= Trans-oriental Rally =

2008 motor rally

The Trans-oriental Rally was a motor rally which started in St. Petersburg on June 12, 2008 and ended next to the Great Wall of China near Beijing on June 28, 2008.

==Overview==
It was an alternative to the Lisboa 2008 Dakar Rally which was cancelled due to fears of terrorism. Among the drivers on the race was François Delecour, two-time winner of the Monte Carlo Rally.

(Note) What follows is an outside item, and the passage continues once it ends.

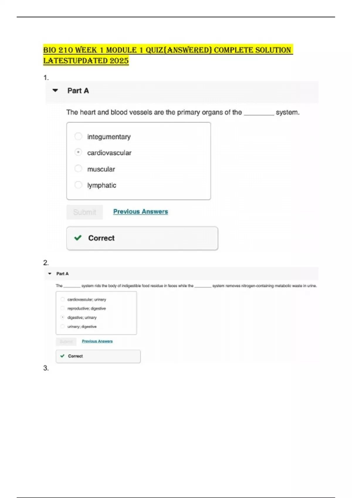 BIO 210 WEEK 1 MODULE 1 QUIZ{ANSWERED} COMPLETE SOLUTION LATESTUPDATED 2025 1. 2.

There were 16 legs planned:

| Stage | Date | From | To |
| 1 | June 12 | RUS St. Petersburg | RUS Rogatchevo |
| 2 | June 13 | RUS Rogatchevo | RUS Petrovsky |
| 3 | June 14 | RUS Petrovsky | RUS Yelabuga |
| 4 | June 15 | RUS Yelabuga | RUS Mrakovo |
| 5 | June 16 | RUS Mrakovo | Bogotse |
| 6 | June 17 | Bogotse | KAZ Arkalyk |
| 7 | June 18 | KAZ Arkalyk | KAZ Botakara (via Astana) |
| 8 | June 19 | KAZ Botakara | KAZ Ayaguz |
| 9 | June 20 | KAZ Ayaguz | CHN Karamay |
| 10 | June 21 | CHN Karamay | CHN Turpan |
Rest day
| 11 | June 23 | CHN Turpan | CHN Hami |
| 12 | June 24 | CHN Hami | CHN Quinguan |
| 13 | June 25 | CHN Quinguan | CHN Alxa Youqi |
| 14 | June 26 | CHN Alxa Youqi | CHN Bayanhot |
| 15 | June 27 | CHN Bayanhot | CHN Hohhot |
| 16 | June 28 | CHN Hohhot | CHN Beijing |

==Fatalities==
To date there have been two fatalities on the race:
- Chinese driver Xu Lang, June 17 (from injuries sustained a day earlier)
- French motorcyclist Philippe Tonin, June 17

The latter fatality led the Russian Kamaz team to withdraw.